Никто не хоронил мертвецов, рассказывал сэр Гастон, равнина Дорилеума превратилась в огромный, невероятно вонючий морг. Тяжелораненые погибли, как и следовало ожидать. А свое выздоровление сэр Гастон объяснял тем, что к его ране своевременно приложили докрасна раскаленное лезвие топора – это прижгло рану и остановило потерю крови. Всего через неделю он уже был в силах сесть на мула и приехать в Константинополь.
Его нынешняя миссия, как он пояснил дамам, заключается в том, чтобы подыскать замену для семнадцати павших воинов отряда. Сейчас они несомненно наслаждаются радостями рая, как это было обещано тем, кто падет по дороге в Иерусалим.
Сэр Гастон упомянул в своем рассказе и о странной эпидемии, которая обрушилась на христианское войско как раз тогда, когда оно двинулось по скудным равнинам к горам Армении и к знаменитым городам Филадельфия, Цезарея и Гераклея. За ними, как говорили, лежали сказочные города Алеппо и Антиохия с улицами, мощенными серебром.
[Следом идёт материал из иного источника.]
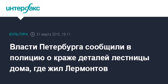 Власти Петербурга сообщили в полицию о краже деталей лестницы дома, где жил Лермонтов
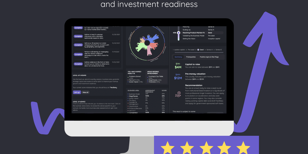 The first personalized self-service startup assessment & growth platform. Quickly identify your startup’s strengths, weaknesses, improvement opportunities and automate the process of building a custom

Иерусалим? По-видимому, никто толком не знает, как далеко находится Священный город. Сам сэр Гастон полагал, что Иерусалим расположен не дальше как в неделе пути за Антиохией. А она, в свою очередь, располагалась в какой-нибудь сотне миль от Золотого Рога. Так, по крайней мере, говорили в войсках.
Розамунда подробно расспрашивала своего гостя о характере ранения мужа и узнала, что турецкое копье со всей силой ударило барона Дрого в бок. Стальные кольца его кольчуги не порвались, но не смогли предотвратить серьезных внутренних повреждений. Очевидно, пострадали кровеносные сосуды, так как барон Четраро сплевывал темно-коричневые кровяные сгустки. Более того, сильнейший удар, даже смягченный шлемом, заставил его потерять сознание. Многие крестоносцы, получившие подобные удары в голову, бродят по лагерю, как сонные мухи. Они тупо смотрят перед собой и что-то неразборчиво бормочут.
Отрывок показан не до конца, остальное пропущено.